The Micro-Internship Programme provides Oxford students with convenient, short-term learning and development opportunities. The programme offers a large volume of placements in a variety of employability sectors, and take place in the vacation periods. Micro-internships are voluntary, full time work experiences that last between two and five days.

The Promentor Programme

The Promentor Programme: An Alumni Mentoring Programme matches selected Oxford students with Oxford alumni in order to develop a mentoring partnership. First year bursary-holding students are invited to apply, with 10 students being selected as mentees each year.

The Crankstart Internship and Careers Mentoring Programmes

Crankstart Scholars are encouraged to gain work experience during their time at Oxford, and funding and support are available to help them do so. Crankstart Scholars can receive advice and guidance at any time with a view to undertaking a work placement in one of the vacations. Scholars can also apply to be a part of the Crankstart Careers Mentoring Programme, which matches selected scholars with industry professionals in their area of choice.

Paid work experience

  • Undergraduate students: Term-time employment is not permitted except under exceptional circumstances and in consultation with your tutor and senior tutor. During vacations you will be required to complete academic work and this should take priority over other commitments. However, the Careers Service can help you to find work experience placements during the vacations, with the agreement of your tutor.
  • Graduate students: If you do decide to undertake a limited amount of paid work during your studies, whether as part of your academic development or to help to support yourself financially, you must observe the University's paid work guidelines and ensure that any paid work undertaken does not adversely affect your studies or ability to complete your course on time.
  • International students: If you are studying at Oxford under the terms of a visa, refer to visa and immigration for information regarding working in the UK.

Within the paid work guidelines, the following may be possible:

  • Teaching opportunities: departments and colleges are sometimes able to offer teaching work.
  • Demonstratorships - in the experimental sciences, graduate students can sometimes work as a demonstrator in practical classes.
  • Research Assistantships - these are available from some departments and faculties.
  • Junior Deans – Advertised by colleges, these positions involve providing pastoral care to other students and being on-call day and night several times a week. Junior Deans normally receive free college accommodation, free meals and a modest annual stipend.

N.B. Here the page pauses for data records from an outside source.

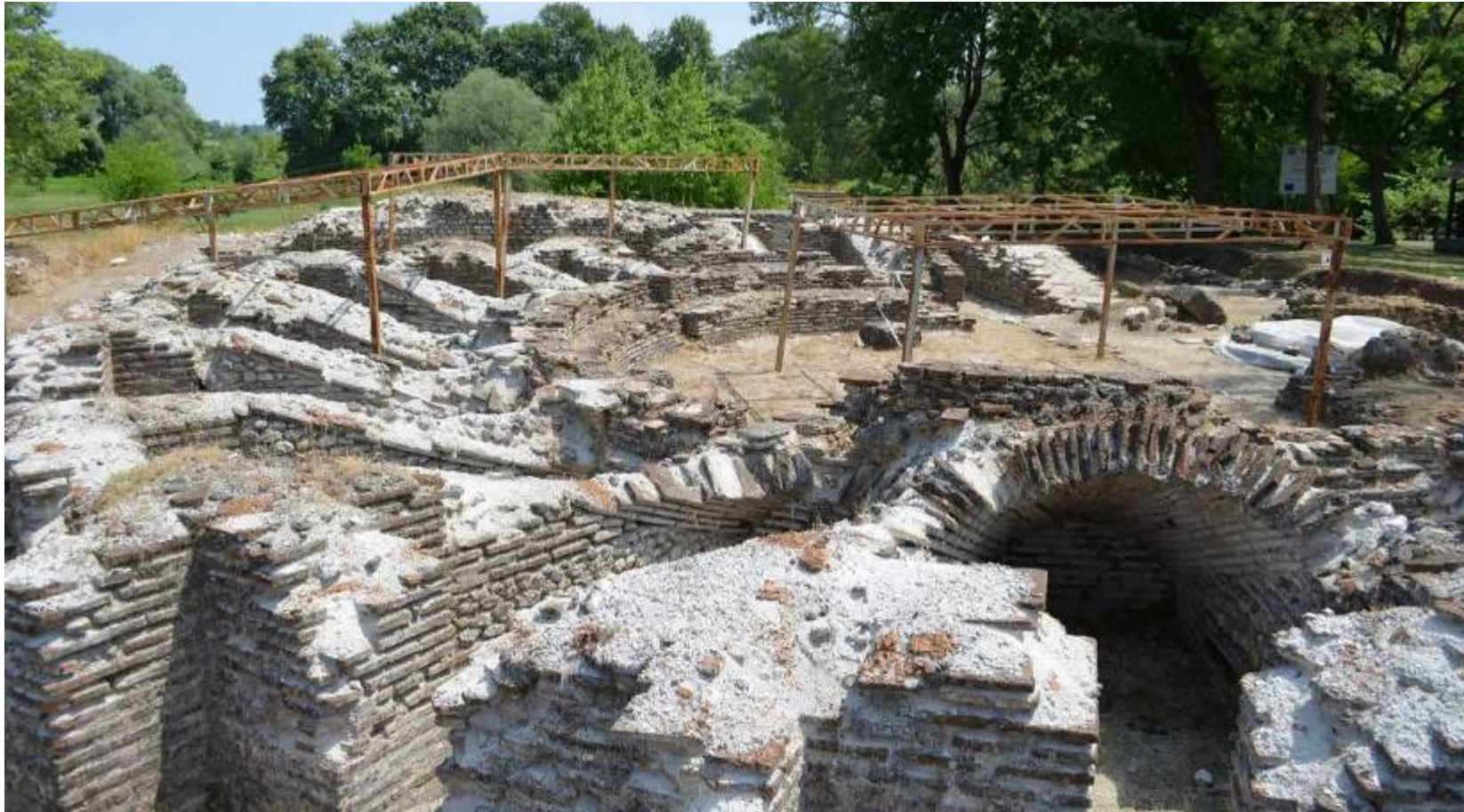
Εικ. 2: Άποψη του Ωδείου από δυτικά πριν την έναρξη των εργασιών.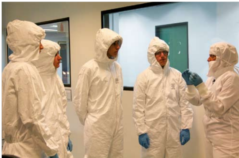
EXPERIENCIA. Alumnos premiados visitan la Unidad Técnica de Micro y Nanosistemas del Centro INTI-Electrónica e Informática.

Se presentaron 60 trabajos de tres colegios técnicos de la Ciudad de Buenos Aires y 12 fueron premiados. En la FAN aseguran que "la idea es extender el programa a todas las provincias del país". El premio consistió en una donación de 3.000 pesos al club de ciencias de la escuela para la compra de equipamiento, la visita de los alumnos a laboratorios de nanotecnología y una orden de compra de 500 pesos para la adquisición de bibliografía. El jurado del concurso fue el Consejo Asesor de la FAN que está integrado por representantes del INTI, de la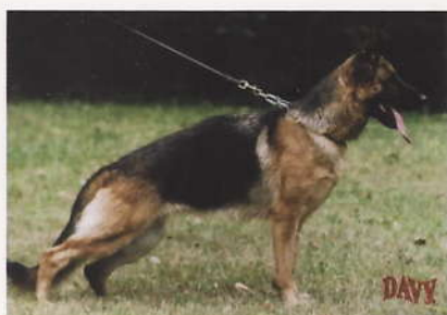
V3, Kessy z Agíru Bohemia , 8. 12. 2001, 44202/01, 55505, fast normal, ZVV1, (Wallace a. Agrigento – Alice Aranyvölgyi – Örség).

Středně velká, středně silná, ve velmi dobré kondici, dobrá hlava, dobrá linie hřbetu, dobré zaúhlení vpředu, velmi dobré vzadu, rovná fronta, korektní poměry hrudníku, rovný nášlap, velmi dobré chody, (výrazně, pouští).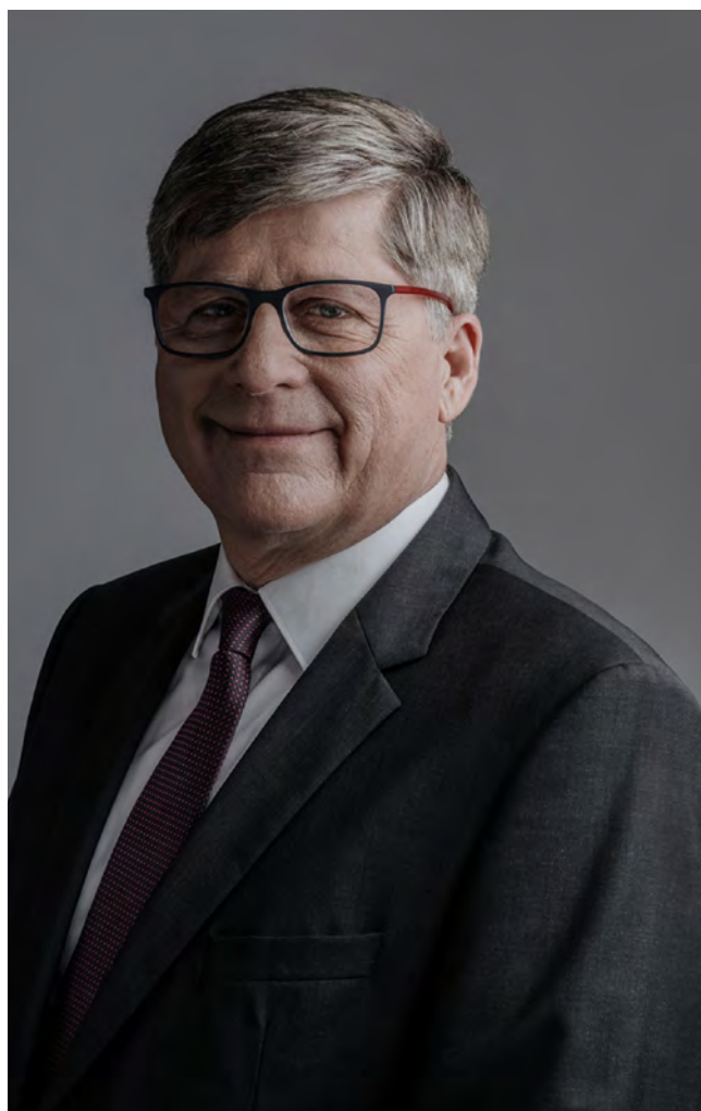
JIŘÍ HÁJEK, poslanec

Současně navrhovaná podpora je naproti tomu cílená, zejména na menší podnikatele, kteří nemají dostatečnou finanční rezervu. Nebude tak snad docházet ke zneužívání jako v minulosti. Podmínkou pro získání kompenzace je propad tržeb alespoň o 50 %, a to při srovnání posledních dvou měsíců let 2021 a 2019. Z logiky věci tak jde především o stánkaře a pořadatele adventních trhů. Právě tyto podnikatelé utrpěli nejvíce. Na období před Vánoci, kdy lidé rádi utrácejí, se chystali dlouhou dobu. Vysoké tržby jim často pokrývají předchozí slabší měsíce. Najednou byli na suchu. Dostane se samozřejmě i na další – restaurace, hotely nebo pořadatele sportovních akcí. Celkem by se o pomoc mohlo přihlásit více než 12 tisíc subjektů. A pro pořádek – jsem rád, že mezi nimi nemohou být ti, kteří provozují pouze hazardní hry.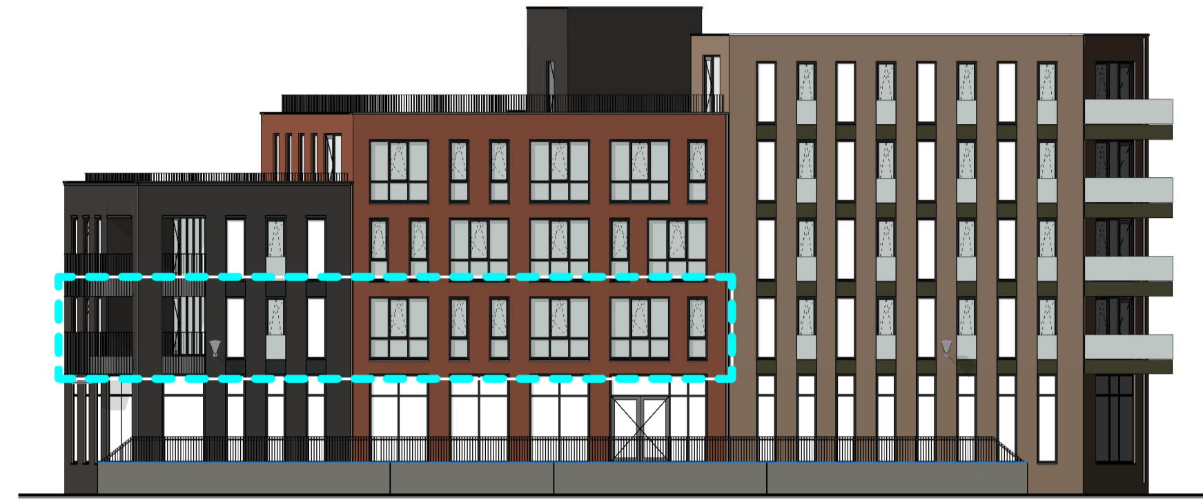
1:200 gevelaanzicht Noord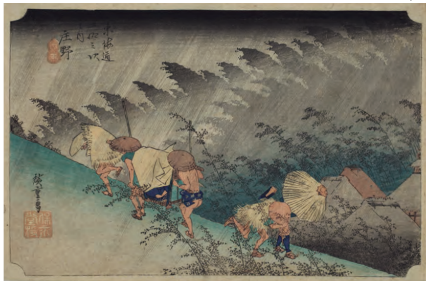
風雨の音から人々の息づかいまで、広重が描き出す臨場感 | 4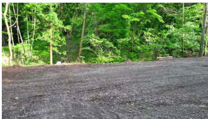
敷地内(南側を望む)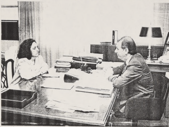
"No me visualizo como un político profesional que haga de la cosa pública una profesión. No es ese mi propósito", señaló Ricardo Lagos a "Cosas".

-No, en absoluto. No me visualizo como un político profesional que haga de la cosa pública una profesión. No es ese mi propósito.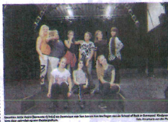
De leerlingen van de School of Rock tijdens een optreden op de Robert Kochlaats 342 in Ommoord-Oost.

School of Rock is haar tiende seizoen gestart. De lessen worden gegeven in het theater van het Gemeentelijk Centrum aan de Robert Kochlaats 342 in Ommoord-Oost.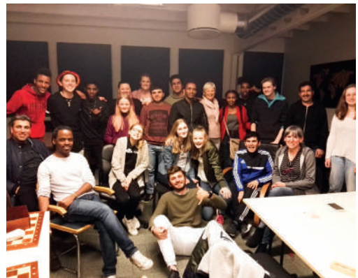
Nytt Interact-lag har startet opp i Hamar!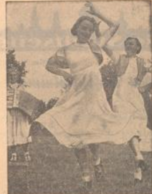
Die Mädel, die sich zur Zeit in den schönen Baden-Heimstätten...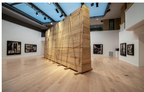
Vue de l'installation Monuments II dans l'exposition Déplacements , Centre culturel canadien, 2019.

Organisée en partenariat avec le Centre culturel canadien à Paris , cette exposition permet au public de s'interroger sur ce que représentent pour chacun de nous les œuvres d'art. Que sommes-nous prêts à faire pour protéger nos chefs-d'œuvre en temps de guerre, de crises, face à la répression et aux atteintes à la liberté d'expression ?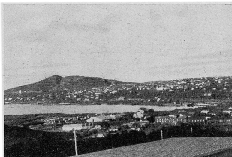
Abb. 5. Kiruna mit dem Luossavaara-Erzberg und dem Luossasee. Vorn die Gebäude der Grubenverwaltung. Am Bergeinschnitt die Erzabbaustellen.

keinesfalls abwegig ist, diese Landschaft als nicht mehr zu Schwedisch-Lappland gehörend zu betrachten. Obwohl diese Landschaft bei landschaftskundlicher Betrachtung nicht mehr ganz zur Einheit der lappländischen Wirtschaftslandschaft gehört, morphologisch aber doch noch als deren Ausläufer und abgrenzendes Randgebiet zu werten ist, sei sie nur kurz skizziert. Sie weist gegenüber der Wald- oder gar der Fjälllandschaft ganz andere Merkmale auf; im nördlichsten Teil wird sie von der Bergbau-, Industrie- und Verkehrslandschaft (Boden und Lulea) überdeckt. Die Landschaft zieht sich in 30—60 km Breite längs des Bottnischen Meerbusens hin. Das ebene Land, die geringen Niederschläge (meist unter 50 cm jährlicher Regenmenge), das mildere Klima dank der Meeresnähe und der gute Boden machen die Landschaft zu einem verhältnismäßig guten Ackerland. Weizenbau ist allerdings nicht mehr möglich, dafür Roggen-, Gerste-, Hafer-, Kartoffel- und Gemüsebau. Im Norden teilweise parallel, gegen Süden zu immer mehr divergierend, verläuft die Nordgrenze des Roggenbaues (siehe Karte). Die Renttierwirtschaft ist nur noch sporadisch vertreten und geht bis an die Küste nur in zwei Zonen (von Kallholmen bis südlich Umea und von Härnosand an südlich); Rindvieh und Pferde machen dem Ren den Platz streitig.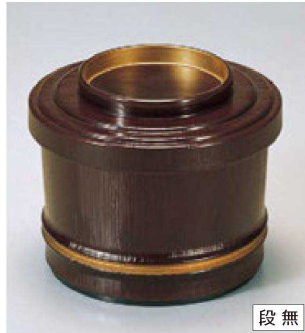
⑥ 1-225-2 A 竹型飯器 溜内朱つば金 ¥1,950 (11.6φ×9.4-内寸10φ×6.3) 種100 420cc 160g

Other employment options include:

  • Ad-hoc work can sometimes be found by advertising your skills locally as a tutor, translator or proof-reader.
  • Part-time or seasonal work supporting the running of the University and colleges - for example, invigilating examinations, administrative work, or working in a library.
  • You can often find part-time and temporary vacancies in Oxford on the Jobs and Vacancies page, the Career Service’s online resource, CareerConnect, Daily Info and the Oxford Times.

Other possibilities

If you have recent work experience, it may be worth contacting one of your past or present employers to find out whether they are able to offer you some support. You could also consider approaching a potential employer of the future. Investigate companies or organisations working in your research area, particularly those with corporate social responsibility aims and target them. Think creatively and strategically about other bodies you may be able to proactively approach for funding. They might not necessarily advertise scholarships or bursaries, but could you make a convincing case for them to support you? Are there any foundations in your local or home community that would be willing to support you?